• Data provided:
^^^^
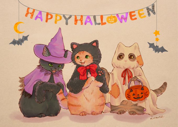 創作イラスト 仮装してハロウィンパーティへ🎃🐱 ブログ記事はこちら↓ ameblo.jp/laura-apelila/… #イラスト #絵 #絵描きさんと繋がりたい #可愛い #ハロウィン #halloween #猫 #ネコ #にゃんこ #猫好きさんと繋がりたい
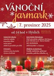 HÝSELÁCI, z. s. srdečně zvou na VÁNOČNÍ JARMARK, který se koná v neděli 7.12.2025 od 14.00 hod. v Hýslích, budova OÚ.
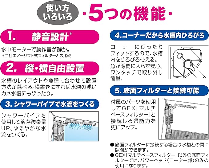 【5つの機能】1.静音設計 水中モーターで動作音が静か。※当社エアーリフト式フィルターとの比較。2.縦・横自由設置 水槽のレイアウトや魚種に合わせて設置方法が選べる。横置きにすれば水深の浅いカメ水槽にもぴったり。3.シャワーパイプで水流をつくる シャワーパイプを使用して溶存酸素量UP。ゆるやかな水流をつくる。4.コーナーだから水槽内ひろびろ コーナーにぴったりフィットするので、水槽内をひろびろ使える。魚が隙間に入らず安心。ワンタッチで取り外し簡単。5.底面フィルターと接続可能 付属のパーツを使用してGEX「マルチベースフィルター」と接続しろ過能力を更にアップ。
^^^^
Retype all of the listing above exactly, but keep its pictures out.

 創作イラスト 仮装してハロウィンパーティへ🎃🐱 ブログ記事はこちら↓ ameblo.jp/laura-apelila/… #イラスト #絵 #絵描きさんと繋がりたい #可愛い #ハロウィン #halloween #猫 #ネコ #にゃんこ #猫好きさんと繋がりたい
 HÝSELÁCI, z. s. srdečně zvou na VÁNOČNÍ JARMARK, který se koná v neděli 7.12.2025 od 14.00 hod. v Hýslích, budova OÚ.
 【5つの機能】1.静音設計 水中モーターで動作音が静か。※当社エアーリフト式フィルターとの比較。2.縦・横自由設置 水槽のレイアウトや魚種に合わせて設置方法が選べる。横置きにすれば水深の浅いカメ水槽にもぴったり。3.シャワーパイプで水流をつくる シャワーパイプを使用して溶存酸素量UP。ゆるやかな水流をつくる。4.コーナーだから水槽内ひろびろ コーナーにぴったりフィットするので、水槽内をひろびろ使える。魚が隙間に入らず安心。ワンタッチで取り外し簡単。5.底面フィルターと接続可能 付属のパーツを使用してGEX「マルチベースフィルター」と接続しろ過能力を更にアップ。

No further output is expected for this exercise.